Recursive self-improvement does not imply recursive entitlement improvement.

As capability expands, the space of possible claims expands with it.

The challenge is that reality exposure does not automatically scale at the same rate.

The result may be an increasing gap between:

What can be generated

and

What has actually earned the right to be believed.

Science, engineering, medicine, markets, and evolution all rely on exposure to reality to separate surviving structure from failing structure.

That process cannot simply be assumed away.

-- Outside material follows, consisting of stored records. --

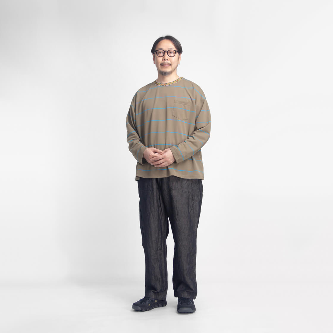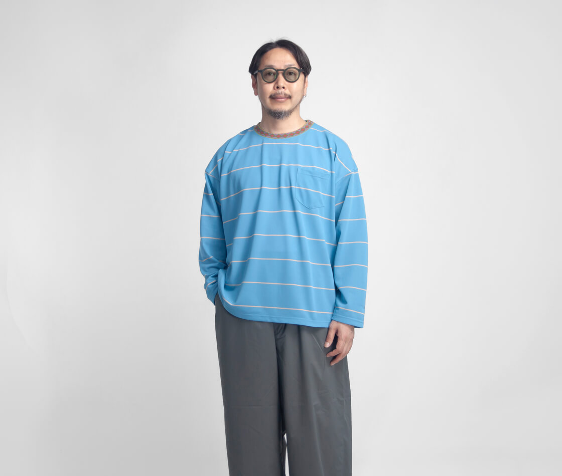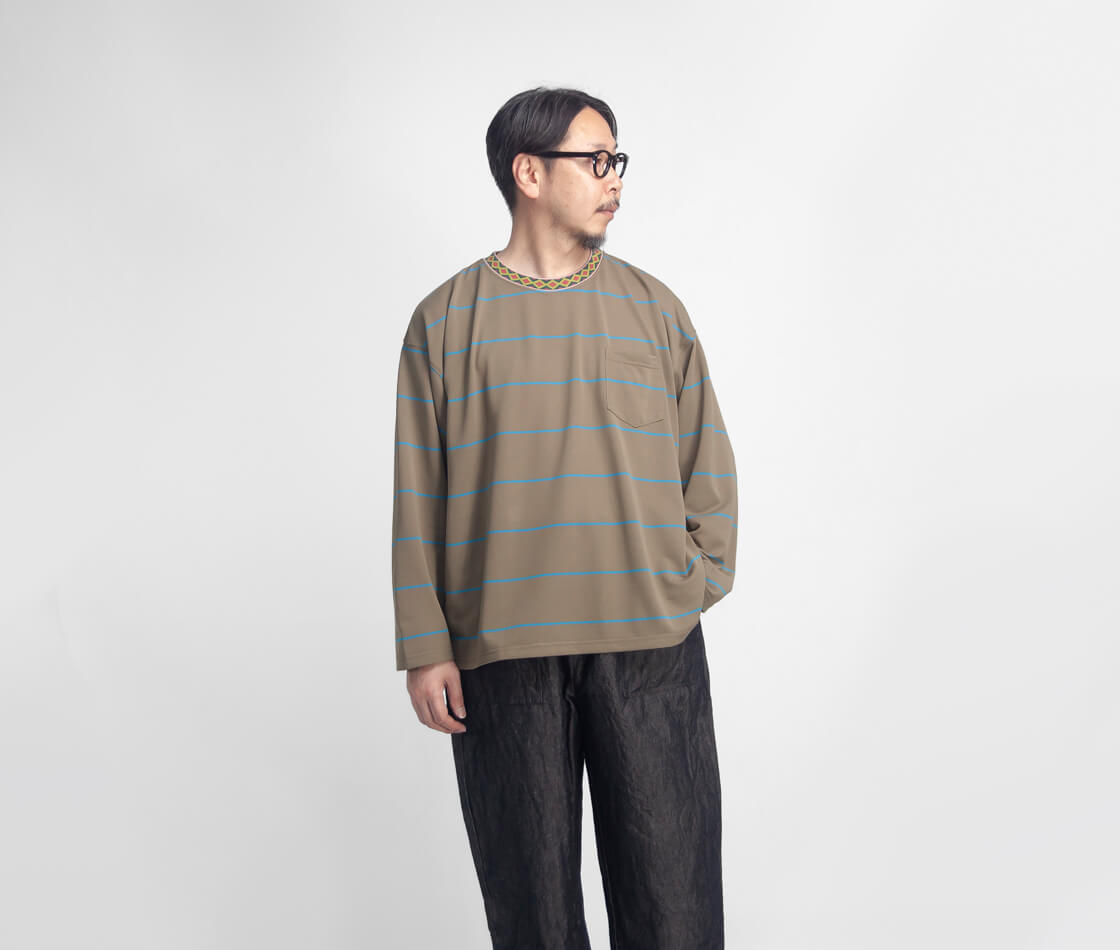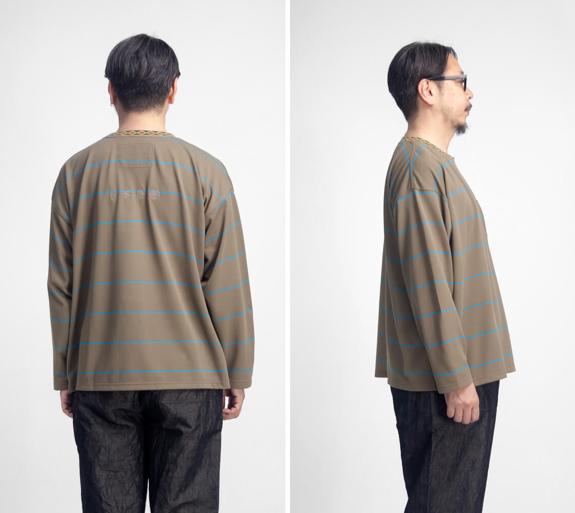 NANGAからオリジナルで編み立てたジオメトリックなリブが映える清涼感あるボーダーロンTをご紹介。 ネックのダイヤ柄リブは、配色ボーダーや背面刺繍と相まって存在感ある仕上がり。 身幅を広めに取ったボックスシルエットに、ゆとりのあるアーム設計でリラックスした着用感。 インナー使いでもアクセントになり、程よくラフなサイズ感です。 素材にはポリエステルの鹿の子生地を使用。 凹凸のある編みで肌離れが良く、通気性と速乾性に優れたドライなタッチが特徴。 季節の変わり目から活躍し、快適さとデザイン性を両立した一着。
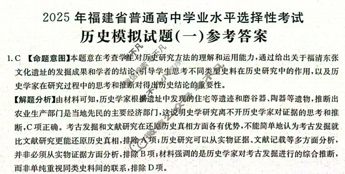 资源详情:2025年福建省普通高中学业水平选择性考试高考模拟示范卷·历史(一)1[25·(新高考)ZX·MNJ·历史·FJ]答案 中内容包括《2025年福建省普通高中学业水平选择性考试高考模拟示范卷·历史(一)1[25·(新高考)ZX·MNJ·历史·FJ]答案》请在考不凡上搜索。全国100所名校高考模拟示范卷众2025年福建省普通高中学业水平选择性考试历史模拟试题(一)参考答案1.C【命题意图】本题意在考查学生对历史研究方法的理解和运用能力,通过给出关于福清东张文化遗址的发掘成果和学者的结论,引导学生思考不同类型史料在历史研究中的作用
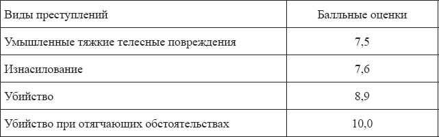 По результатам исследования были получены следующие данные об общественной опасности некоторых преступлений (табл. 5).[1331]
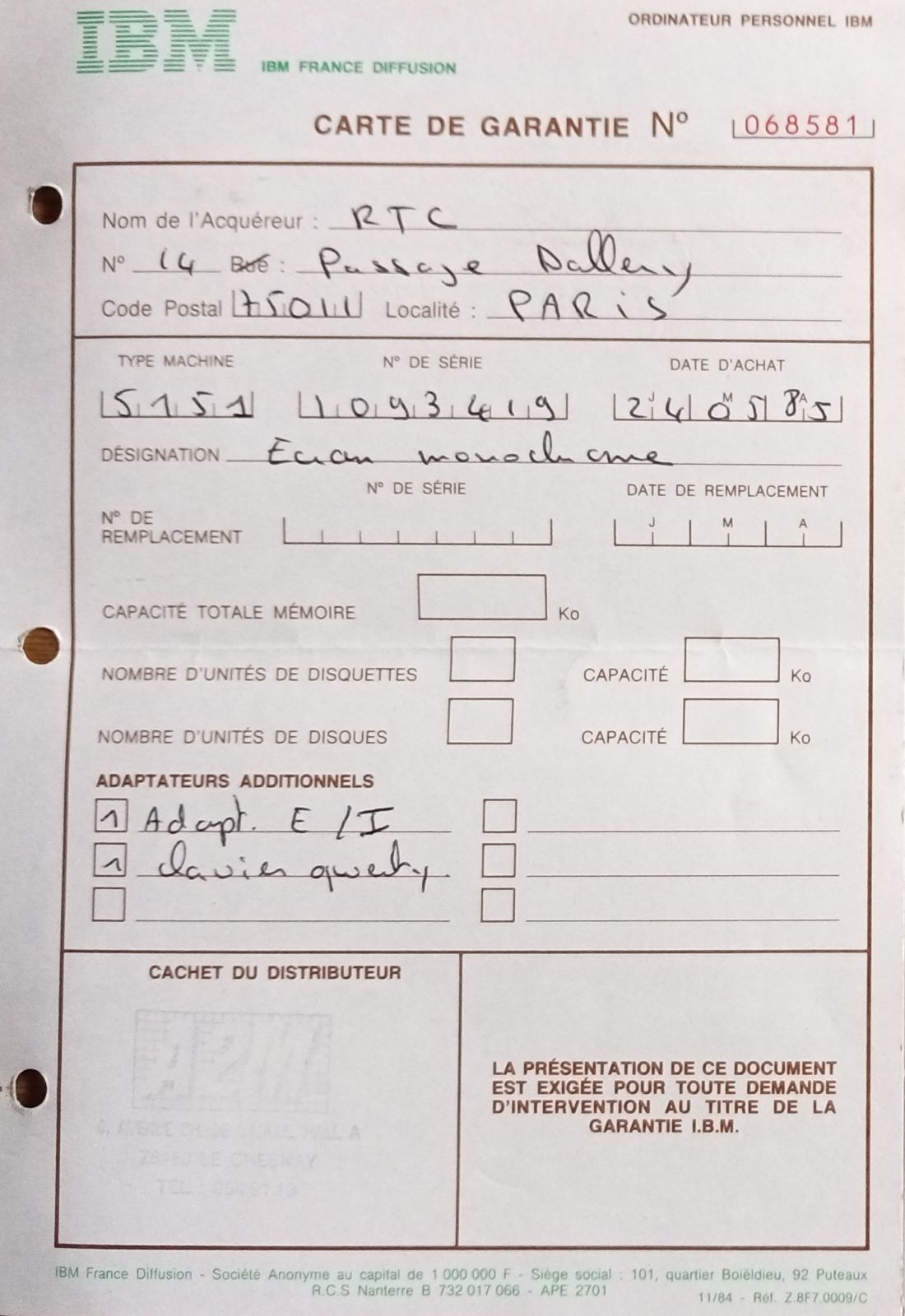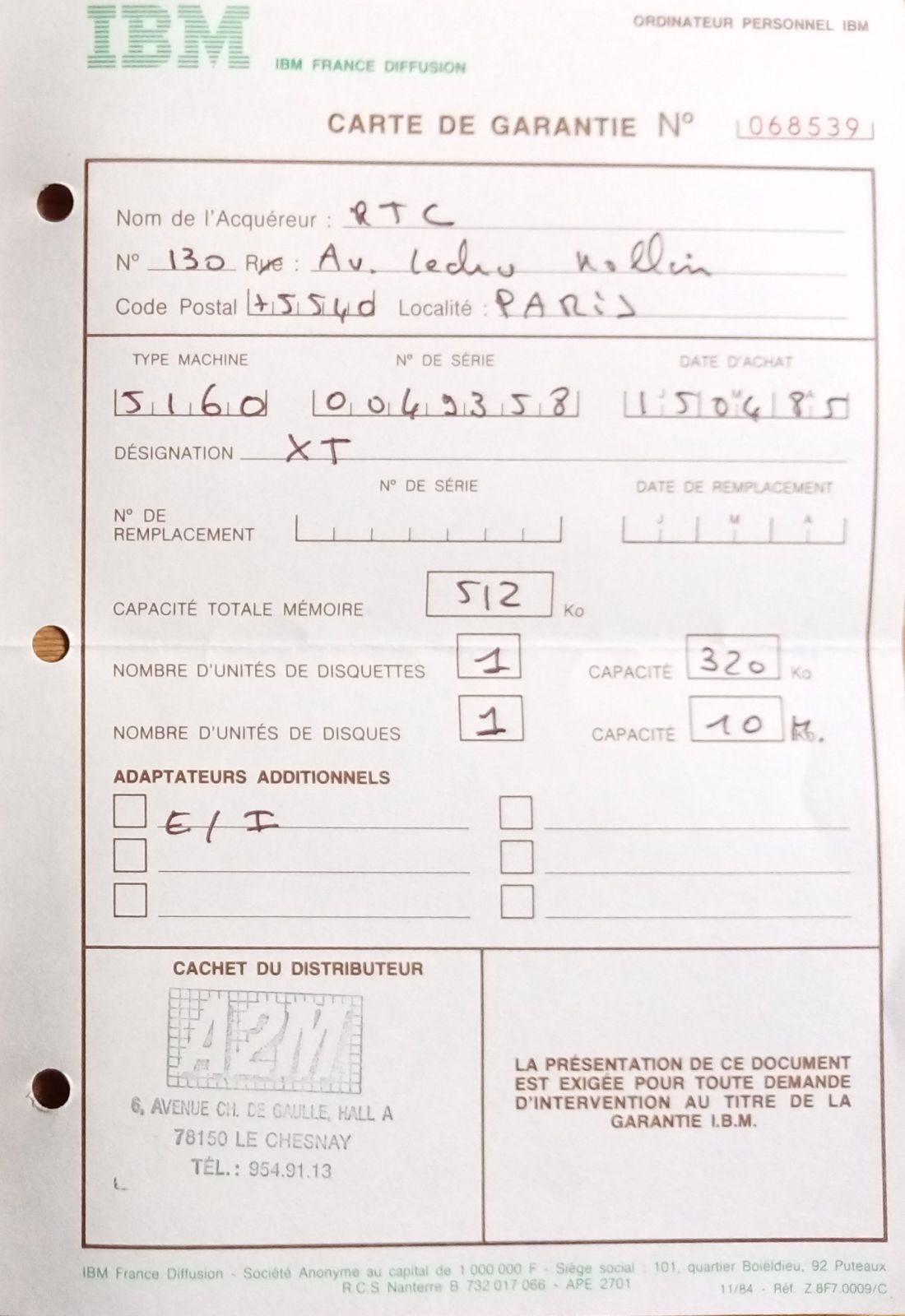 Je viens de retrouver dans mes archives les bons de garantie pour un IBM XT et son écran achetés en 1985 par mon employeur RTC.
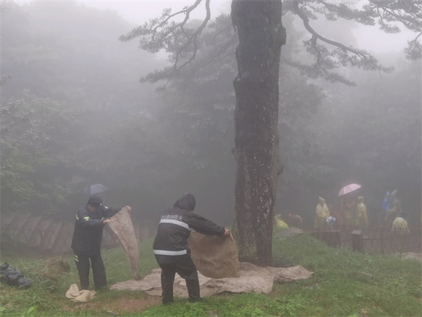 7月25日白天,受颱風“煙花”週邊影響,黃山風景區出現較強降水、大風天氣,最大風力9-10級。景區公安、綜治、交通、園林等一線管理部門和索道、酒店、票房、環衛等接待單位幹部員工堅守崗位,保護景區資源,維護旅遊秩序,服務來山遊客,積極做好颱風“煙花”防範各項工作。截至25日17:30,景區索道、遊道、交通暢通,旅遊秩序平穩,迎客松等古樹名木安全。
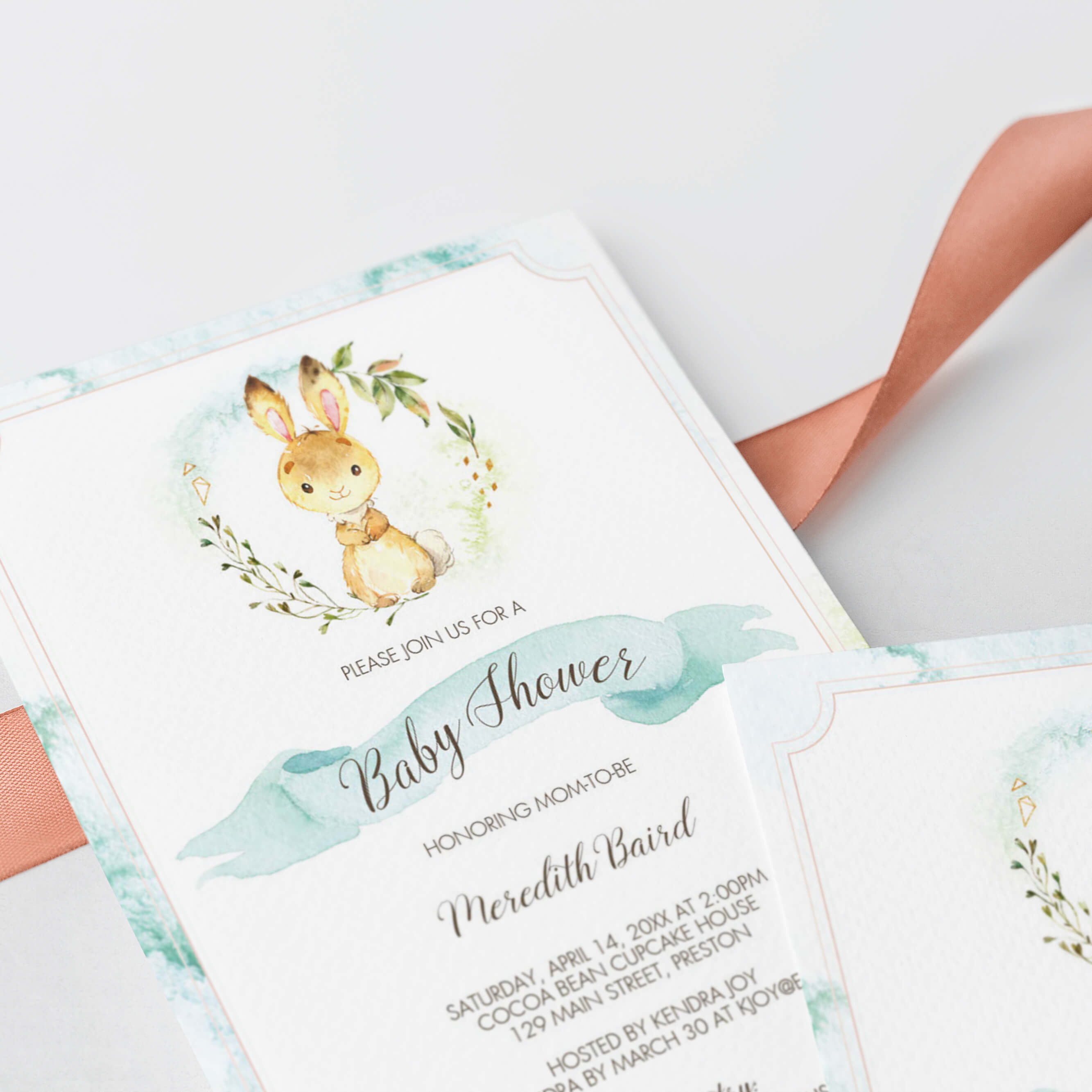 What better way to celebrate the arrival of a spring baby boy then to host a bunny themed baby shower? We are absolutely dying over the darling little rabbit on this light blue rabbit baby shower invitation.
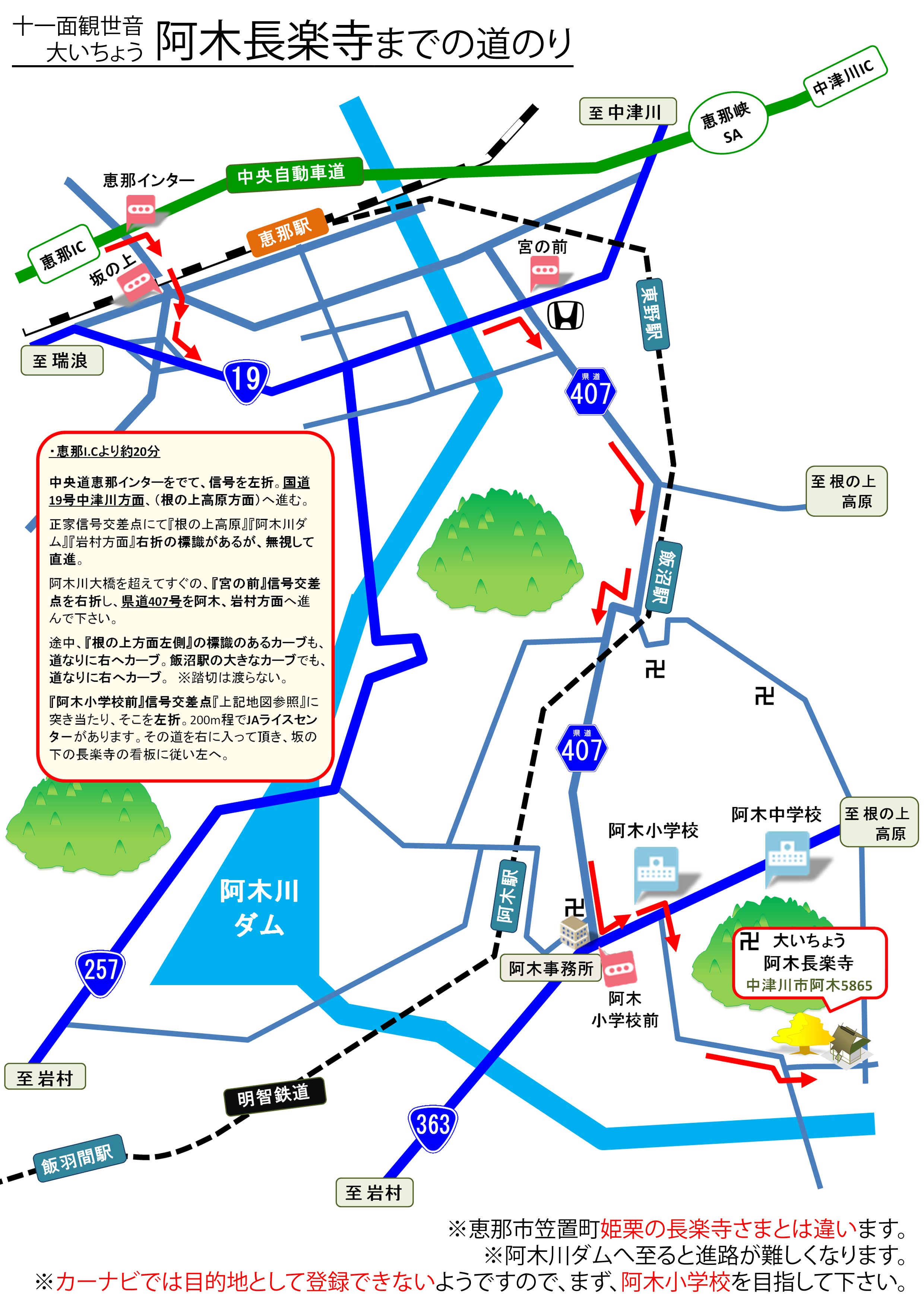 | ※カーナビでは目的地として登録できないようですので、まず、阿木小学校を目指して下さい。 |
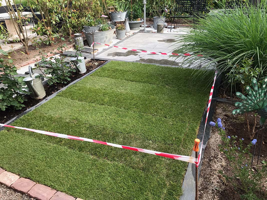 Un projet urbain d'engazonnement à Strasbourg : une petite surface mais un grand effet pour ces 90 m² de gazon en rouleaux.
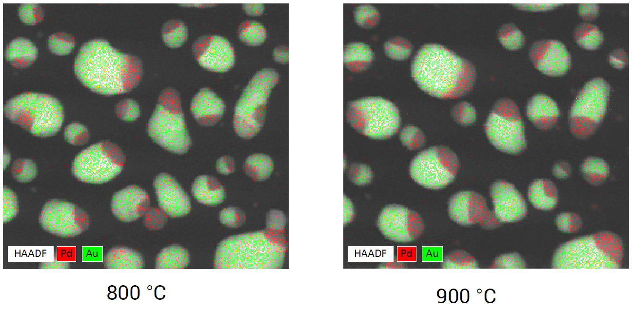圖 10:高溫下 Au/Pd 納米顆粒的 EDS 面掃結果
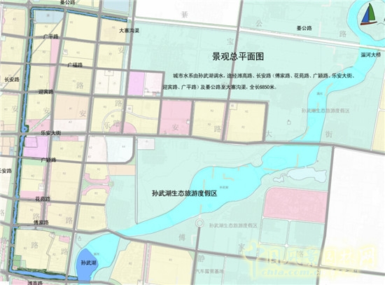 廣饒縣城市生態水系由孫武湖調水,途徑濰高路、長安路及綦公路至大寨溝渠,全場6850米,總規劃面積約36萬平方米。
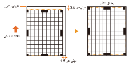 لبه جلویی کاغذ خروجی همان لبه بالای چاپ نمونه است. هنگام برداشتن کاغذ بهخاطر بسپارید که کدام لبه، لبه فوقانی است.

The central question for AI may therefore not be:

“Can AI recursively improve intelligence?”

but rather:

“Can AI recursively improve the rate at which entitlement is earned?”

Those are very different questions.

Civilization does not suffer from a shortage of possible answers.

It suffers from a shortage of answers that remain standing after reality has had its say.

Hugh Knowles's avatar

Almost everything they say is internal-process evidence, not societal-outcome evidence.

E.g. they say their coders ship 8x as much code but not that it is 8x better and that Opus 4.6 is capable of 12hr tasks ( but this benchmark is where the task is right 50% of the time).

So the main question is when do we start seeing outcomes that match this hype?

Larry Jewett's avatar

When do we see legitimate evaluation of the stuff produced by these companies?(as opposed to the “50% success” garbage)

Marko's avatar

Come on... neither the post nor the blog implies AGI. They simply state that their AI can autonomously extend itself. Nothing to see here, move along.